**Exercise details**: Starting at the line that contains "A.I. image generated", write out each line exactly through the last one in the material below, and nothing more; omit all pictures.
------ Data segment
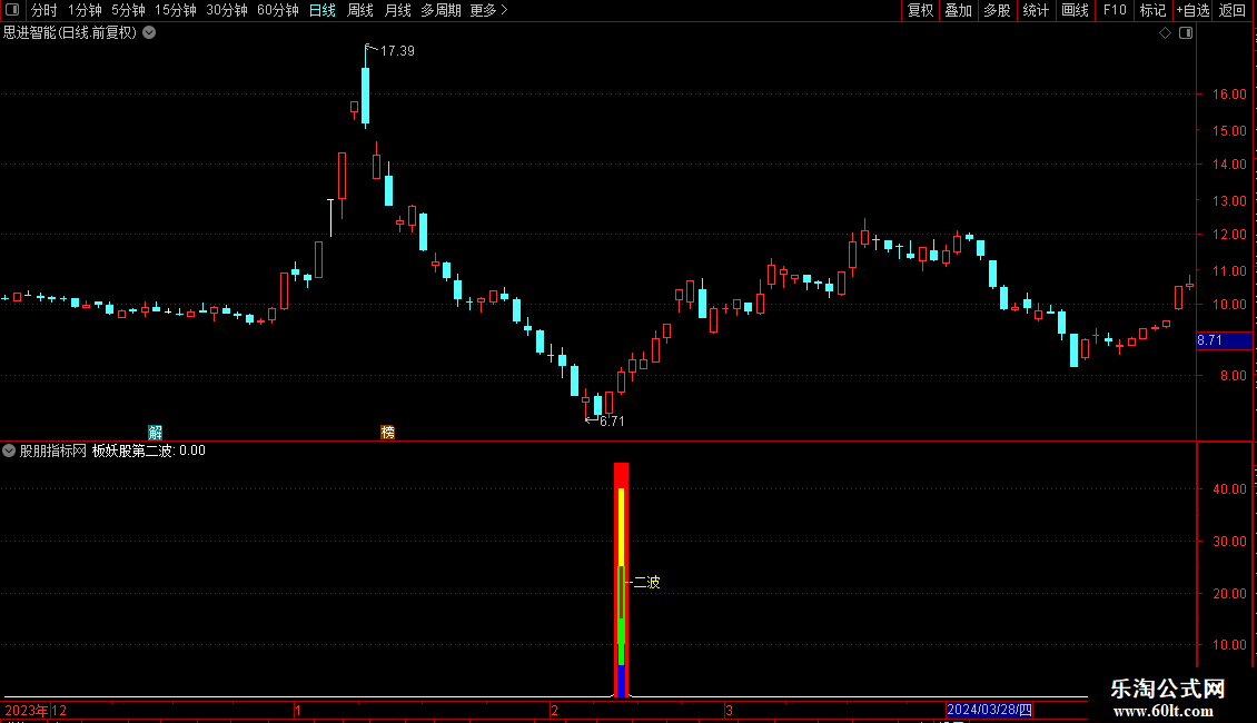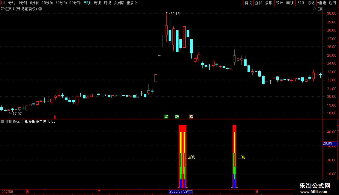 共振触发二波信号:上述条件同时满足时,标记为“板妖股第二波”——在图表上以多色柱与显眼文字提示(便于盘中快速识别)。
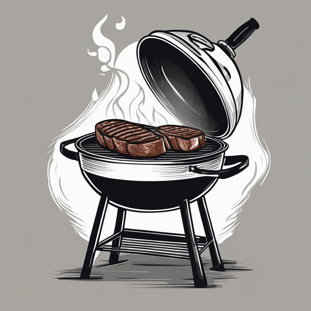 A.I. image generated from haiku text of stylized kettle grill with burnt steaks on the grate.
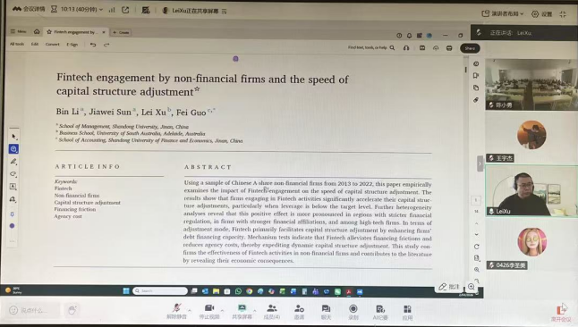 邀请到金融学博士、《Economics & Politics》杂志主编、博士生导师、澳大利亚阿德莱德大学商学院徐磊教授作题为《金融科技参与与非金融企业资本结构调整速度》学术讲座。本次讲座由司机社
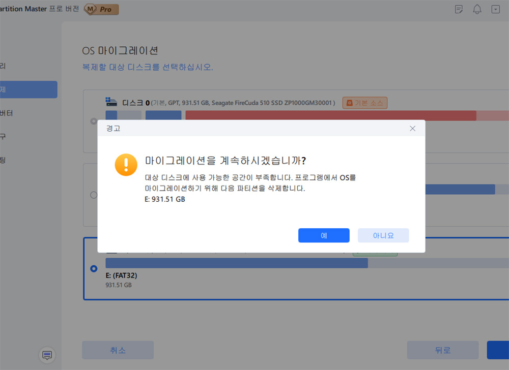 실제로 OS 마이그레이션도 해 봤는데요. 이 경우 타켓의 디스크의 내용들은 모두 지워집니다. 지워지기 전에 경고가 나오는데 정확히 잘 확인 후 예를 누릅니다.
------------
**Problem solution**:
 A.I. image generated from haiku text of stylized kettle grill with burnt steaks on the grate.
 邀请到金融学博士、《Economics & Politics》杂志主编、博士生导师、澳大利亚阿德莱德大学商学院徐磊教授作题为《金融科技参与与非金融企业资本结构调整速度》学术讲座。本次讲座由司机社
 실제로 OS 마이그레이션도 해 봤는데요. 이 경우 타켓의 디스크의 내용들은 모두 지워집니다. 지워지기 전에 경고가 나오는데 정확히 잘 확인 후 예를 누릅니다.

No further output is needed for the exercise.